Using the entries that follow, transcribe only the lines from the line with "Invite divine strength" to the line with "1girl,full_body,smile,blonde hair, long", both included, exactly as they stand and without pictures.
BEGIN Task input
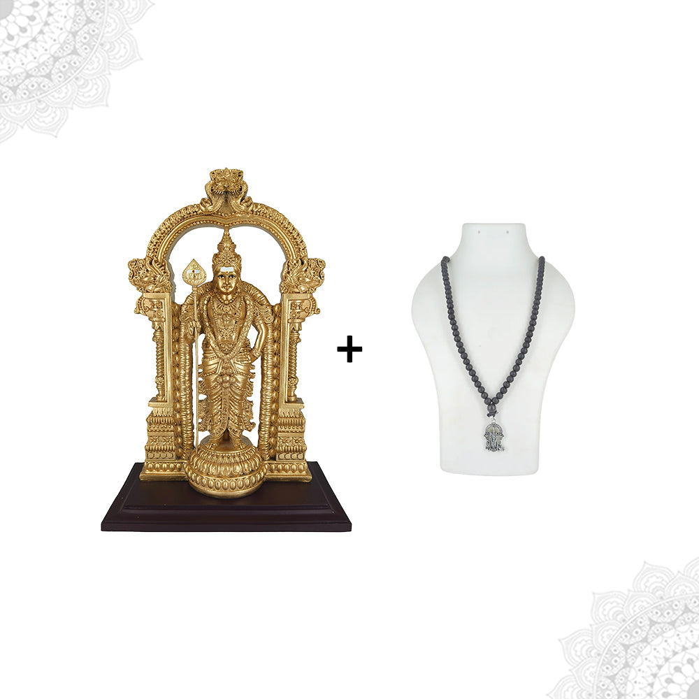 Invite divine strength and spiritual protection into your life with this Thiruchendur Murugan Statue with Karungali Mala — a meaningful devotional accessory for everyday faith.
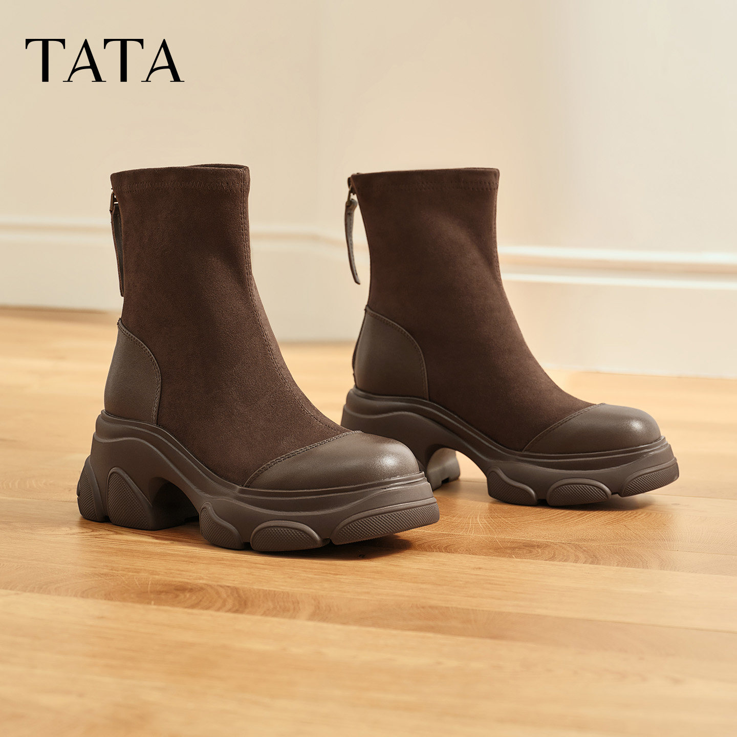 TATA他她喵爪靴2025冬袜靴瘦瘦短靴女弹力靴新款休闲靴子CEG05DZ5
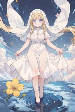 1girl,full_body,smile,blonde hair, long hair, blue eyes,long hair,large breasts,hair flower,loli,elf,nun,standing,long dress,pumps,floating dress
END Task input
BEGIN Task input
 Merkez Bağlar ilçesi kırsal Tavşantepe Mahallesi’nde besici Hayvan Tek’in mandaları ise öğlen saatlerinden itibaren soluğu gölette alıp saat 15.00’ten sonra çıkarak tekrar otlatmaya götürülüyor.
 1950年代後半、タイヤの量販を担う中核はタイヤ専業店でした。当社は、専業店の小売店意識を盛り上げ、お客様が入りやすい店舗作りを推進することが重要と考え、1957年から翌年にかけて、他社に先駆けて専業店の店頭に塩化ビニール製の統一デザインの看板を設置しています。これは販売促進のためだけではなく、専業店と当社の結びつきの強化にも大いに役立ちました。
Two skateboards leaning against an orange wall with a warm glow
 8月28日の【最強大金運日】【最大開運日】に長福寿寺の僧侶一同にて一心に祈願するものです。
END Task input
● Task answer
 Invite divine strength and spiritual protection into your life with this Thiruchendur Murugan Statue with Karungali Mala — a meaningful devotional accessory for everyday faith.
 TATA他她喵爪靴2025冬袜靴瘦瘦短靴女弹力靴新款休闲靴子CEG05DZ5
 1girl,full_body,smile,blonde hair, long hair, blue eyes,long hair,large breasts,hair flower,loli,elf,nun,standing,long dress,pumps,floating dress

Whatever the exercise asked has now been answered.